Extracellular Vesicles in Glioblastoma Tumor Microenvironment

Abstract

Glioblastomas (GBM) are highly aggressive primary brain tumors. Complex and dynamic tumor microenvironment (TME) plays a crucial role in the sustained growth, proliferation, and invasion of GBM. Several means of intercellular communication have been documented between glioma cells and the TME, including growth factors, cytokines, chemokines as well as extracellular vesicles (EVs). EVs carry functional genomic and proteomic cargo from their parental cells and deliver that information to surrounding and distant recipient cells to modulate their behavior. EVs are emerging as crucial mediators of establishment and maintenance of the tumor by modulating the TME into a tumor promoting system. Herein we review recent literature in the context of GBM TME and the means by which EVs modulate tumor proliferation, reprogram metabolic activity, induce angiogenesis, escape immune surveillance, acquire drug resistance and undergo invasion. Understanding the multifaceted roles of EVs in the niche of GBM TME will provide invaluable insights into understanding the biology of GBM and provide functional insights into the dynamic EV-mediated intercellular communication during gliomagenesis, creating new opportunities for GBM diagnostics and therapeutics.
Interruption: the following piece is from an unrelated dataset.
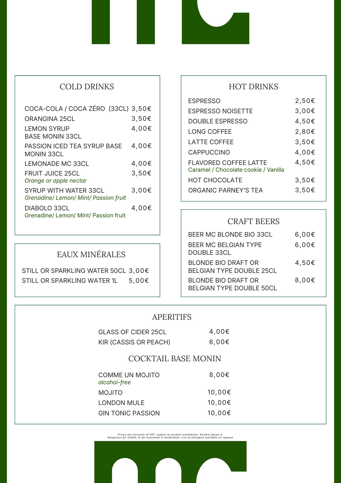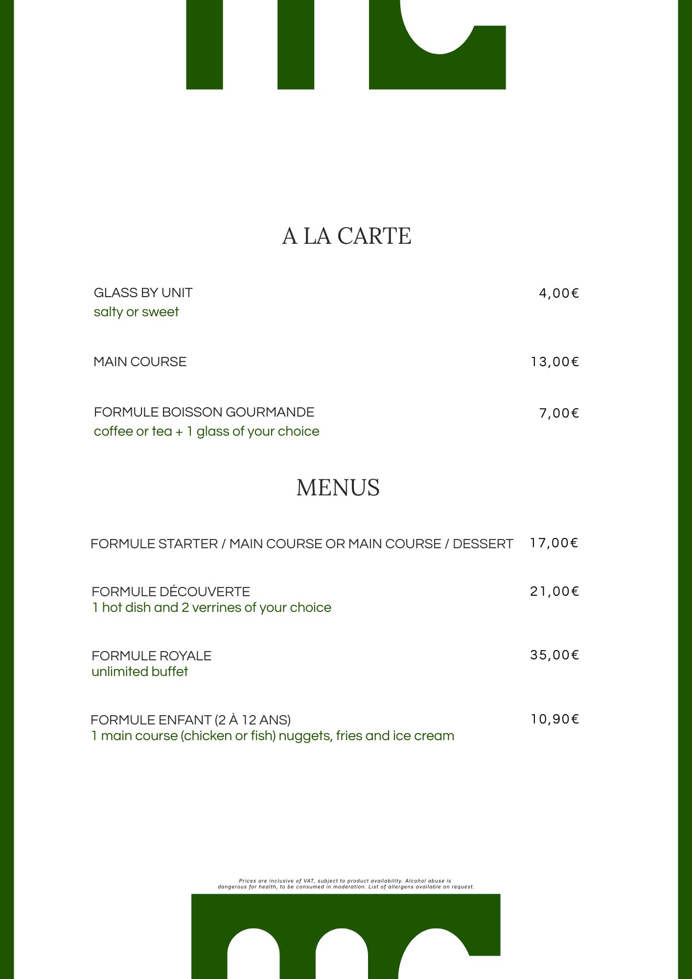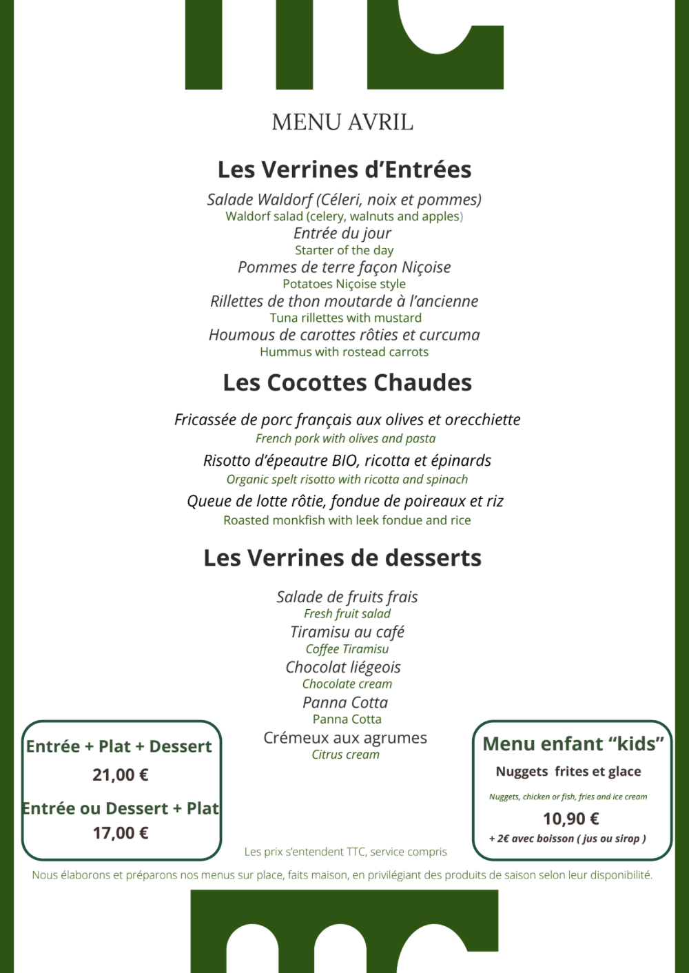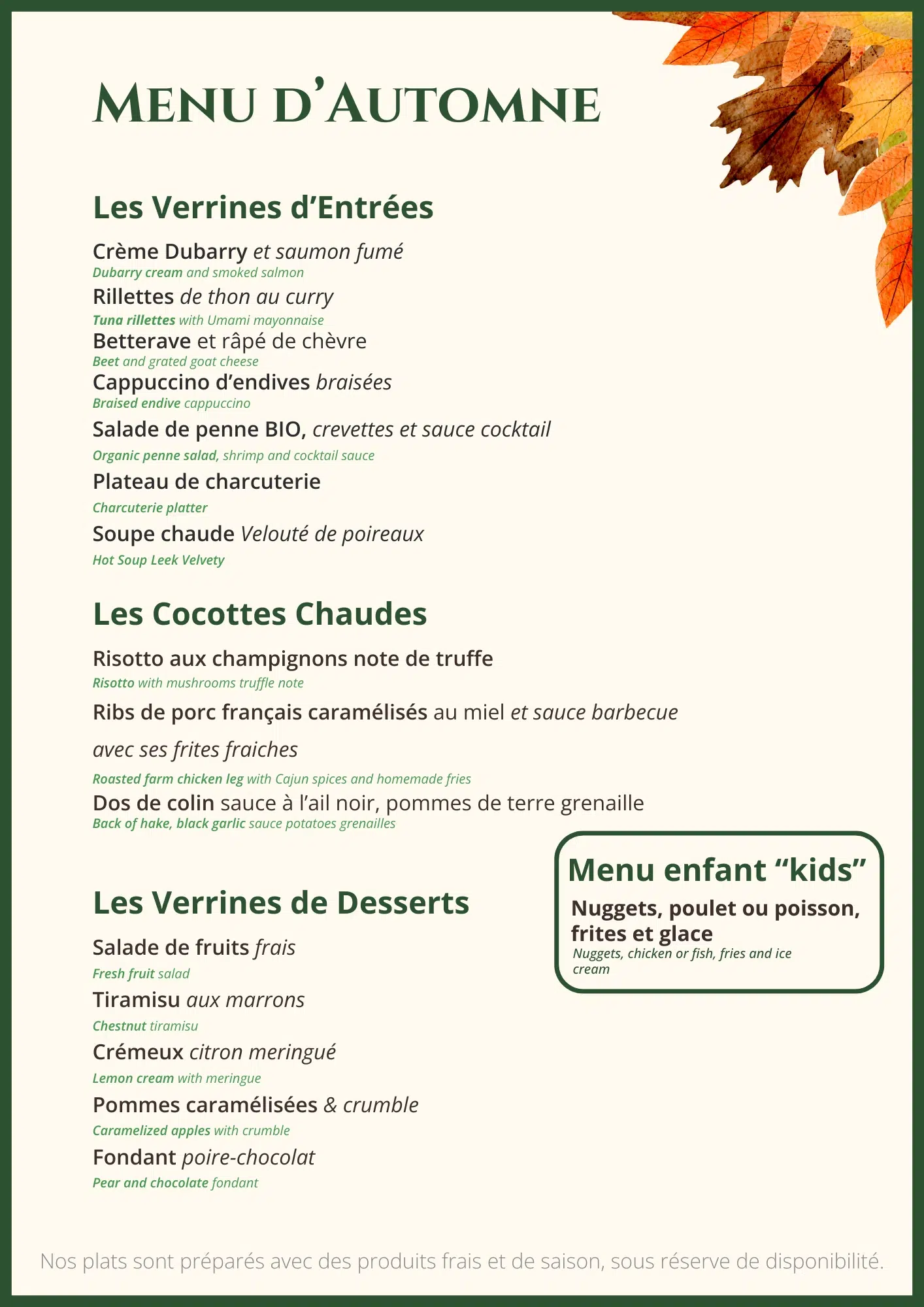 In a bucolic setting with exotic nuances, enjoy our seasonal verrines and cocottes offered in buffet style. There’s something for everyone… even the little ones, thanks to our children’s menu with its unmissable fries and surprise dessert.

Keywords: angiogenesis; extracellular vesicles; glioblastoma; immunomodulation; tumor microenvironment.

Figure 1

Glioblastoma microenvironment. Dynamic EV mediated communication between glioma cells and stromal cells including monocytes, macrophages, mast cells, microglia, T cells, astrocytes, and oligodendrocytes. EVs in GBM microenvironment mediate cell proliferation and survival, angiogenesis, metabolic activity, immunomodulation, resistance to chemoradiation as well as cell migration and invasion.

Figure 2

Glioma EVs promote angiogenesis. Glioma EVs contain several proangiogenic factors which induce angiogenesis. EGFR, epidermal growth factor receptor; VEGF, vascular endothelial growth factor; PDGF, platelet derived growth factor, FGF, fibroblast growth factor; TGF-β, Transforming growth factor-β; IL-8, interleukin-8; IL-6, interleukin-6; CXCR4, CXC chemokine receptor type 4; MMP2, matrix metalloproteinase 2; MMP9, matrix metalloproteinase 9; UPA, urokinase type-plasminogen activator; tPA, tissue type-plasminogen activator.

Figure 3

Glioma EVs mediate immunomodulation. Glioma EVs induce an M2 phenotype in tumor associated myeloid cells and cause T cell dysfunction. Arg1, arginase-1; IL-6, interleukin-6; MCP-1, monocyte chemoattractant protein 1; TGF-β, Transforming growth factor-β; PD-L1, programmed cell death 1 ligand.

Figure 4

Glioma EVs mediate therapy resistance. Glioma EVs mediate the transfer of factors that induce a chemoradiation resistance phenotype in chemoradiation sensitive glioma cells. Glioma EVs also mediate drug export. APNG, alkyl purine-DNA-N-glycosylase; MGMT, O(6)-methylguanine DNA methyltransferase.